▶ [Work instructions]: A verbatim copy of all the data is required, minus any images.

▶ [Data section]:

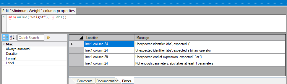 Errors tab displays any formatting errors that occur in the Dimension Properties pane. These can include missing parentheses, incorrect data types in parameters, or missing or excessive parameters.
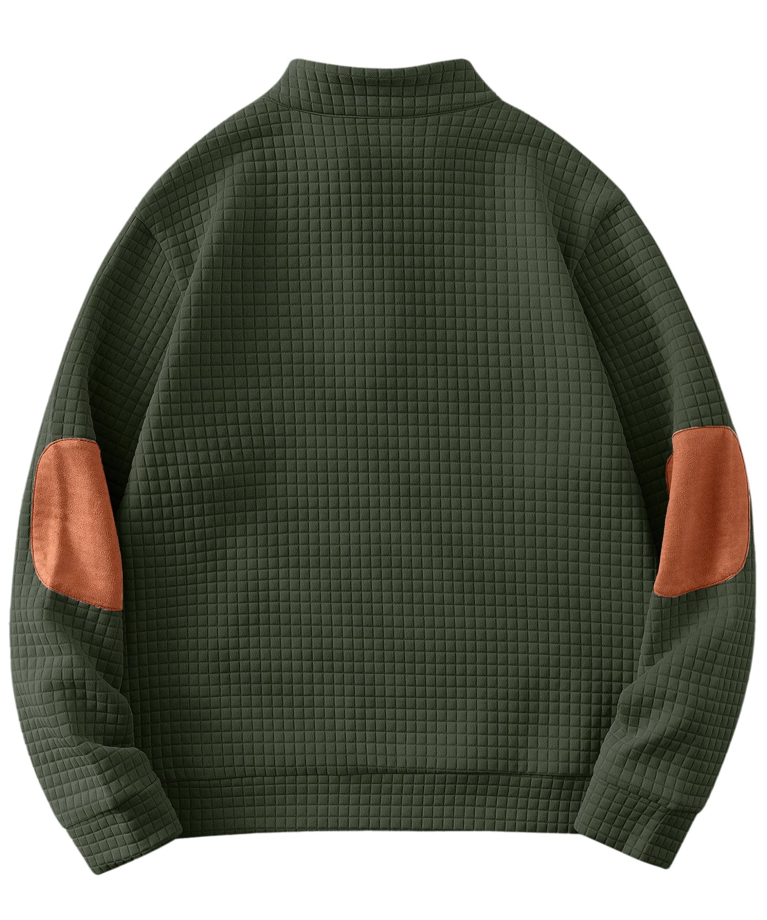Rugged meets refined—this textured pullover features a quilted grid pattern, contrast suede elbow patches, and button-up collar for a bold, outdoorsy look. The perfect blend of function and flair. Comes in 5 different colors.
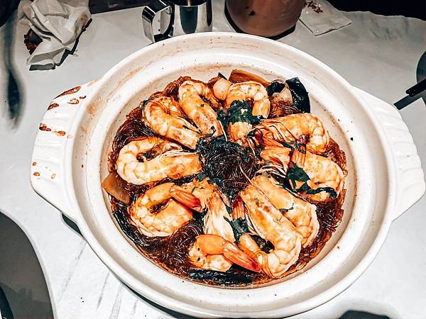 冬粉鮮蝦煲,裡面的鮮蝦很肥美又多汁,下方的冬粉很入味,吸收了醬汁。

▶ [Reply to the task]:
 Errors tab displays any formatting errors that occur in the Dimension Properties pane. These can include missing parentheses, incorrect data types in parameters, or missing or excessive parameters.
Rugged meets refined—this textured pullover features a quilted grid pattern, contrast suede elbow patches, and button-up collar for a bold, outdoorsy look. The perfect blend of function and flair. Comes in 5 different colors.
 冬粉鮮蝦煲,裡面的鮮蝦很肥美又多汁,下方的冬粉很入味,吸收了醬汁。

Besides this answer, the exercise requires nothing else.